September 29, 2024
Erin Brockovich Protests PG&E Bankruptcy Plan at State Capitol
Lawyer Says She Doesn’t Believe PG&E Will File for Chapter 11
On the steps of the California state Capitol, former state Sen. Noreen Evans said she believes PG&E won’t go through with Chapter 11 reorganization.

By Hudson Sangree

SACRAMENTO, Calif. — Could PG&E’s announcement that it plans to file for bankruptcy Jan. 29 be a ploy? A lawyer representing thousands of wildfire victims said she thinks it’s quite possible.

On the steps of the California state Capitol Tuesday, former state Sen. Noreen Evans, now a plaintiffs’ attorney, said she believes PG&E won’t go through with filing for Chapter 11 reorganization at the end of the month, as it has said it would.

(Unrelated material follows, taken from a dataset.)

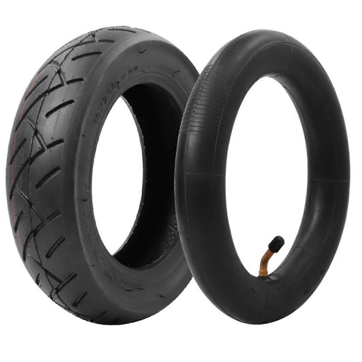 Complete Set for Convenience: This package includes 1 x 10*2.5 tire suitable for a 6" Rim and 1 x inner tube with a 45° valve and dust cap. to check the tire size and valve type before purchase to compatibility. Universal Fit for 10" Wheels: Designed to replace most 10" tires, this 10x2.5 tire is compatible with electric scooters including 36V, 48V, 400W, 500W, and 800W hub motors, Hoverboards, Swagcycle, and Quick 3 electric scooters. Construction: Crafted from high-quality rubber, our tires are built to withstand pressure and abrasion. They are yet , offering an airtight seal and a professionally designed tread pattern for enhanced grip on slippery surfaces. Effortless Installation: Replacing your scooter's tire and tube is straightforward with our set. The process requires minimal steps and effort, making it simple enough for anyone to handle without extensive instructions. Optimal Performance and Safety: The robust material and advanced tread design a safe and smooth ride by improving traction and durability. Perfect for upgrading your scooter for better performance on terrains. Color: Black Material: Rubber Package Contents: 1 *Tire+1* Inner Tube Only the above package content, other products are not included. Note: Light reflection and different displays may cause the color of the item in the picture a little different from the real thing. The measurement allowed error is +/- 1-3cm.

Former state Sen. Noreen Evans, now a lawyer representing fire victims, said PG&E’s planned bankruptcy filing is a ploy to get lawmakers to intervene. | © RTO Insider

The utility’s move likely is an attempt to get California’s new governor, Gavin Newsom, and lawmakers to intervene, Evans said.

“I think there’s a very huge possibility they won’t file as planned,” Evans said. “It would open a can of worms.”

If PG&E, the state’s largest utility, were to enter bankruptcy, it would call into question billions of dollars in energy contracts and payments to CAISO, among other obligations. (See PG&E Meltdown Could Cost CAISO Members, Generators.)

Evans, whose former district includes areas of Santa Rosa, Calif., devastated by wildfires in 2017, is now part of a legal team representing 4,000 fire victims in the state’s catastrophic blazes during the past two years.

The ex-lawmaker joined famed PG&E foe Erin Brockovich at the Capitol to protest the utility’s alleged efforts to avoid financial liability for the Camp Fire, which killed 86 residents and destroyed the town of Paradise, Calif., in November 2018. The wildfire was by far the deadliest blaze in state history.

Brockovich urged California leaders to do more than have a seat at the table in deciding PG&E’s fate. “Be the head of the table and take control of this runaway monopoly,” she said.

Erin Brockovich addresses a crowd of fire victims and reporters on the steps of the California state Capitol. | © RTO Insider

Brockovich gained movie fame after she helped build a case against PG&E in the 1990s for polluting the desert town of Hinkley, Calif., with hexavalent chromium. She has remained one of the utility’s most prominent critics.

Brockovich, Evans and other victim advocates don’t want PG&E to enter bankruptcy because it would put plaintiffs and their lawyers in line for payment behind PG&E’s secured creditors. A bankruptcy judge would parcel out compensation, not jurors.

Investors, too, are arguing against PG&E’s bankruptcy plan. BlueMountain Capital, a major shareholder, sent the utility a second letter this week urging it to postpone filing for bankruptcy protection and arguing bankruptcy is unwarranted. PG&E shareholders would likely lose their investments in a Chapter 11 reorganization.

Evans and other PG&E critics, notably public interest group Consumer Watchdog, have said PG&E’s bankruptcy is a ruse to get state lawmakers to do what they wouldn’t do last year — get PG&E off the hook for billions of dollars in liability.

Reporters surround Erin Brockovich on the steps of the state Capitol in Sacramento after she decried PG&E’s planned bankruptcy filing. | © RTO Insider

After the wine country fires of 2017 devastated Napa and Sonoma counties, PG&E lobbied lawmakers to overturn California’s longstanding use of inverse condemnation to hold utilities strictly liable, regardless of negligence, for damage to private property caused by their equipment.

Gov. Jerry Brown sided with PG&E last year because he was worried the giant utility would renege on the billions of dollars it plans to invest in renewable energy. In passing Senate Bill 901 last year, lawmakers didn’t alter inverse condemnation, but they provided a process by which utilities could seek long-term bond financing for wildfire debts. (See California Wildfire Bill Goes to Governor.)

Wildfire victims holding signs joined Erin Brockovich on the steps of the state Capitol in Sacramento to protest PG&E’s planned bankruptcy. | © RTO Insider

The process, however, didn’t apply to 2018 fires, including the Camp Fire. Lawmakers initially showed interest in amending SB 901 to include last year’s fires but have recently backed off because of public anger against the utility.

Though state officials have yet to determine the cause of the Camp Fire, PG&E has said its transmission line sparked flames near the start of the Camp Fire on the morning it began.

PG&E announced earlier this month it would file for bankruptcy because it faces at least $30 billion in financial exposure for the Camp Fire and wine country fires. Absent state intervention, it said, bankruptcy was its only viable option.